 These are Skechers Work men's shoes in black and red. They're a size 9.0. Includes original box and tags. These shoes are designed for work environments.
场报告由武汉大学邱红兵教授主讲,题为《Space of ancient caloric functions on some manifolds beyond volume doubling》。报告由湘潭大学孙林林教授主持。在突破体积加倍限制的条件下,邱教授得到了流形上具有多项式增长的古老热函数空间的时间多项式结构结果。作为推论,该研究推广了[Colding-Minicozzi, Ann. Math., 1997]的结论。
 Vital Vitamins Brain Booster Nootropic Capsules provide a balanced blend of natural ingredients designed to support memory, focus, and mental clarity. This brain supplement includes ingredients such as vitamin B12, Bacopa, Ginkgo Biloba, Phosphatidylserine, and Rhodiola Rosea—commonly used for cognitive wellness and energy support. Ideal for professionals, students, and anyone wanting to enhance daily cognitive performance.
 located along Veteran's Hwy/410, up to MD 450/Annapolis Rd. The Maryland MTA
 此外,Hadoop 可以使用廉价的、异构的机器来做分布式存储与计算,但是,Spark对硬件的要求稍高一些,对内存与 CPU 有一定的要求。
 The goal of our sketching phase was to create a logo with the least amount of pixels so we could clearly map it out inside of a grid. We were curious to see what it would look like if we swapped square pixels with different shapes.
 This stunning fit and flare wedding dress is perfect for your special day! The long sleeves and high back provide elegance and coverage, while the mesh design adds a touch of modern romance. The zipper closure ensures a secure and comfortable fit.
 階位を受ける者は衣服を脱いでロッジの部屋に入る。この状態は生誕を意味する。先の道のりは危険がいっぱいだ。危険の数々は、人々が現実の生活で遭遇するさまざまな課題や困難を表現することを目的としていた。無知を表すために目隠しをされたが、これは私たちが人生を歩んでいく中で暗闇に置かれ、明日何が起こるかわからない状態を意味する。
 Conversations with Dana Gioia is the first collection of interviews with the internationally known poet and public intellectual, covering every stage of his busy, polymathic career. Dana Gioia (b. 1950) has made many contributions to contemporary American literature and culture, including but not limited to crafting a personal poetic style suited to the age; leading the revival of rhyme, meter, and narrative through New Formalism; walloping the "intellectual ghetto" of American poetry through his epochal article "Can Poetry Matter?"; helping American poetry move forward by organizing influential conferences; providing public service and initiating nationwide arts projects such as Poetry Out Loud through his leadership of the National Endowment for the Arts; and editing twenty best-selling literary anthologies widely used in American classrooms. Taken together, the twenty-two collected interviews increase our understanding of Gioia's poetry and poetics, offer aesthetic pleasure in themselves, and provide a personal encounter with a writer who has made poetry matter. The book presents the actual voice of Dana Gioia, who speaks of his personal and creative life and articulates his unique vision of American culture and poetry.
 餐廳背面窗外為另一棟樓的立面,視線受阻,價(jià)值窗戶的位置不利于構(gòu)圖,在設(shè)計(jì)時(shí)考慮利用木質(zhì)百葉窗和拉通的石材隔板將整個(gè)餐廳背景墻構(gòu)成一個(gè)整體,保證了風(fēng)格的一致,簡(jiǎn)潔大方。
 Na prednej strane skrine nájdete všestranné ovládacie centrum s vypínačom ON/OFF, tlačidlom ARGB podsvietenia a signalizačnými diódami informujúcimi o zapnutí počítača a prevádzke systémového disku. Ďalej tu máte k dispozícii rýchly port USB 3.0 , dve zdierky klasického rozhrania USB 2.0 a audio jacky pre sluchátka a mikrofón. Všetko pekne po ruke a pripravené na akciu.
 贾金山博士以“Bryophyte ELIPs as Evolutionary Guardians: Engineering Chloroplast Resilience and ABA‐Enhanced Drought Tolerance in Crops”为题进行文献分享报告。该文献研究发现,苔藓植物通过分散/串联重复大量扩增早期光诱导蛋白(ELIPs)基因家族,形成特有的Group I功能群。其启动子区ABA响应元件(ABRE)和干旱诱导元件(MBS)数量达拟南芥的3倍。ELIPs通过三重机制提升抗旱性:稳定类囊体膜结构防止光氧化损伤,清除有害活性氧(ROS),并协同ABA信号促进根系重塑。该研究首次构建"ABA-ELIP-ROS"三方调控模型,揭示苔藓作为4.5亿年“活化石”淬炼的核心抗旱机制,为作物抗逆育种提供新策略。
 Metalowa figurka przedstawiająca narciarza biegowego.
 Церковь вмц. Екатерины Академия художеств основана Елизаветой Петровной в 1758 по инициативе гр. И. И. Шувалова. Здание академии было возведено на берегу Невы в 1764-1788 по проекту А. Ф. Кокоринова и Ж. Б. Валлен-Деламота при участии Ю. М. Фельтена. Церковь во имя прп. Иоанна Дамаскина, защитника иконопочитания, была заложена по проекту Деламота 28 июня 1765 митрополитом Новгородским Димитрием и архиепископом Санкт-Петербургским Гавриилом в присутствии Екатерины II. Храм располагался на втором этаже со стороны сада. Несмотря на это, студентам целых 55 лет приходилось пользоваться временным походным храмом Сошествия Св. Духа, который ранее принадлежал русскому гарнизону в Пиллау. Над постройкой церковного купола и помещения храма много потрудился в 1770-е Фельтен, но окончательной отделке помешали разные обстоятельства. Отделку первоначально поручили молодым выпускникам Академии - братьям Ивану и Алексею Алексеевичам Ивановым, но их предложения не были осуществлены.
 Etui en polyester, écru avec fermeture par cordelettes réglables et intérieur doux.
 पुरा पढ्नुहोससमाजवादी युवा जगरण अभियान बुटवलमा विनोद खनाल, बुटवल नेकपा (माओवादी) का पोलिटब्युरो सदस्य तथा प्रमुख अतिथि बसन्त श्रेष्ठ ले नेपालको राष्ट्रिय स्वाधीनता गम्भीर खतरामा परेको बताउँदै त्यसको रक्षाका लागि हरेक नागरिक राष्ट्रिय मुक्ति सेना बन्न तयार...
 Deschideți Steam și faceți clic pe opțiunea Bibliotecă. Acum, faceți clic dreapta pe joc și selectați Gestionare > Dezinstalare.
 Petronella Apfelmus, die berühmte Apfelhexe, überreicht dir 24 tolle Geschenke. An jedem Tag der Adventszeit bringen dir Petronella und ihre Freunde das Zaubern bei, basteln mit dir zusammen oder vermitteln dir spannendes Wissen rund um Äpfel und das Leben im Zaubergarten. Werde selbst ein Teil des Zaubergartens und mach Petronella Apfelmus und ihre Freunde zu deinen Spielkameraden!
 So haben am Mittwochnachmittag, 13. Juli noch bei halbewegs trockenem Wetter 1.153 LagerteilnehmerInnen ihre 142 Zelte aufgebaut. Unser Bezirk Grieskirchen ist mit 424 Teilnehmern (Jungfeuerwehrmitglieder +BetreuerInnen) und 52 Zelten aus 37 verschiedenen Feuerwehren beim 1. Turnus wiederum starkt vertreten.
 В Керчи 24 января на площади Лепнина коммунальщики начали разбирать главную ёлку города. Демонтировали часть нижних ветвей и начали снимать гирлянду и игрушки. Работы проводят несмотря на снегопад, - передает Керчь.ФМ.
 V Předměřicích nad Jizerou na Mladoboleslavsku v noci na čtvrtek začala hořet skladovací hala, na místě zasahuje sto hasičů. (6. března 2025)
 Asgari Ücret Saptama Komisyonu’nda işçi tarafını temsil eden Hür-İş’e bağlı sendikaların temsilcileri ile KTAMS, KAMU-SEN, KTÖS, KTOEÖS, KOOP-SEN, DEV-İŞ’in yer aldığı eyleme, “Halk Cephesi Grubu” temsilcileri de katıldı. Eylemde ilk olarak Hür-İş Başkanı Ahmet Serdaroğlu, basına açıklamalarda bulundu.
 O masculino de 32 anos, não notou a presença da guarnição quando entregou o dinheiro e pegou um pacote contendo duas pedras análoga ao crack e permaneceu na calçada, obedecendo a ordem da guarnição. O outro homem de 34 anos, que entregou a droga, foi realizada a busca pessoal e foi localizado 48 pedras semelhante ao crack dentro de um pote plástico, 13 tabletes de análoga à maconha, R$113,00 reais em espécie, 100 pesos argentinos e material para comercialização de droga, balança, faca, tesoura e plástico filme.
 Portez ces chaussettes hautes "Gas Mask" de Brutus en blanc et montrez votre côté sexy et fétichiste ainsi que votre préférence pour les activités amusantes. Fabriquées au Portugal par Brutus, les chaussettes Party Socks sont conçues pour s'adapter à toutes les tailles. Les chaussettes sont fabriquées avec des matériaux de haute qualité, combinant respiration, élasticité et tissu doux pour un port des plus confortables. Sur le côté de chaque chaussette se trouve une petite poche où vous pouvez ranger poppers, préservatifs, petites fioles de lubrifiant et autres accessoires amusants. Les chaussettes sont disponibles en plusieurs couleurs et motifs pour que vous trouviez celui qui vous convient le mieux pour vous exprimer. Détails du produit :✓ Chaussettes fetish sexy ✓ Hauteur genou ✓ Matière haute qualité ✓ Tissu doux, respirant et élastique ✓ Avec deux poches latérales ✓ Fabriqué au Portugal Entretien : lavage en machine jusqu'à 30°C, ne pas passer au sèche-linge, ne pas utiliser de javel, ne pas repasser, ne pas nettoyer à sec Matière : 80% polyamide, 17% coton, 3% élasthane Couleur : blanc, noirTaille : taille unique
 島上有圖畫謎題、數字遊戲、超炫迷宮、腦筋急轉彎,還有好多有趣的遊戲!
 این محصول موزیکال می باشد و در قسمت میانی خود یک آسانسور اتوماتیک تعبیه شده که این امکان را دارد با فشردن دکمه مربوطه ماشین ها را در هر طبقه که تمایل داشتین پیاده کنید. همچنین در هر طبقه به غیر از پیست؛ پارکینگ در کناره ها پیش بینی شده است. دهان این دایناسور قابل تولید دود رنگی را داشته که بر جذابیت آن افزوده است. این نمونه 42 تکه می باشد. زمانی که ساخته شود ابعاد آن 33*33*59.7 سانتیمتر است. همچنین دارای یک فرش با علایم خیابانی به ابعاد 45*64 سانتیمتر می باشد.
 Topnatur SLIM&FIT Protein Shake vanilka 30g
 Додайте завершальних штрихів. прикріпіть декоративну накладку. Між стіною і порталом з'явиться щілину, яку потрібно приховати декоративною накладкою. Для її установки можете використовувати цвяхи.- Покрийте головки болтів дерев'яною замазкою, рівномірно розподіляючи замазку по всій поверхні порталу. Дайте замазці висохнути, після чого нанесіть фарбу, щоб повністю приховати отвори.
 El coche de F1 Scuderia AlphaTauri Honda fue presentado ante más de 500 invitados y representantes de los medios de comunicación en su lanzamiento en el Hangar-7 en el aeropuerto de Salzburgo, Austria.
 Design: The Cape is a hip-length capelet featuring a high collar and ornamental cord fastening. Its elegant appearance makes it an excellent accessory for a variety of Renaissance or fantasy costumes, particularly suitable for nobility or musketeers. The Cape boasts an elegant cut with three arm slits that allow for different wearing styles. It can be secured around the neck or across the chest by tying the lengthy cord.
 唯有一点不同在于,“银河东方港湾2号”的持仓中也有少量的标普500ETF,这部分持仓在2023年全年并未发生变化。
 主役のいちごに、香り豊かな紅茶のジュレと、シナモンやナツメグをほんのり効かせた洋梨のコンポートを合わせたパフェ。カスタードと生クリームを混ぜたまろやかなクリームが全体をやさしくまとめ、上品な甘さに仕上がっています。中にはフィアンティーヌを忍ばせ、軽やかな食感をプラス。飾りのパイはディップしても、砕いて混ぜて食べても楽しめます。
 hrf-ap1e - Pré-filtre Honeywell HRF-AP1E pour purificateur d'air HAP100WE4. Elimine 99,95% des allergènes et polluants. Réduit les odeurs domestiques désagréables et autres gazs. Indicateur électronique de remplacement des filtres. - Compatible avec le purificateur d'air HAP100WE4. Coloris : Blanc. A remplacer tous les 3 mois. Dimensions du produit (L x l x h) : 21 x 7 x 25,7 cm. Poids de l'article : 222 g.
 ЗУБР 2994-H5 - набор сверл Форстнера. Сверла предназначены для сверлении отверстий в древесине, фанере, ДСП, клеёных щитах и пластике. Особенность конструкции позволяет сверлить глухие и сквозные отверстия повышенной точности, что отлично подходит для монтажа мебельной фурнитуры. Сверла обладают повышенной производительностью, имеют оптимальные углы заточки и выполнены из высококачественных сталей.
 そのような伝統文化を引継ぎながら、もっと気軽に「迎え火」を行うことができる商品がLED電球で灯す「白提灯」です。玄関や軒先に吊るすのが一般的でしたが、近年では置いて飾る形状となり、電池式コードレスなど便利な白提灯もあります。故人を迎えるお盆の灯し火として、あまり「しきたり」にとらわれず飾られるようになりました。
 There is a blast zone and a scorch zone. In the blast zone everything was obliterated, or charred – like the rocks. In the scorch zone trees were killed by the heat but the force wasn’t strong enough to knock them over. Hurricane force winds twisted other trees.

# [Exercise instructions]
Stop after the line containing "Vital Vitamins Brain": print exactly the lines from the start of the entries above up to it, that line included.

# [Solution]
 These are Skechers Work men's shoes in black and red. They're a size 9.0. Includes original box and tags. These shoes are designed for work environments.
场报告由武汉大学邱红兵教授主讲,题为《Space of ancient caloric functions on some manifolds beyond volume doubling》。报告由湘潭大学孙林林教授主持。在突破体积加倍限制的条件下,邱教授得到了流形上具有多项式增长的古老热函数空间的时间多项式结构结果。作为推论,该研究推广了[Colding-Minicozzi, Ann. Math., 1997]的结论。
 Vital Vitamins Brain Booster Nootropic Capsules provide a balanced blend of natural ingredients designed to support memory, focus, and mental clarity. This brain supplement includes ingredients such as vitamin B12, Bacopa, Ginkgo Biloba, Phosphatidylserine, and Rhodiola Rosea—commonly used for cognitive wellness and energy support. Ideal for professionals, students, and anyone wanting to enhance daily cognitive performance.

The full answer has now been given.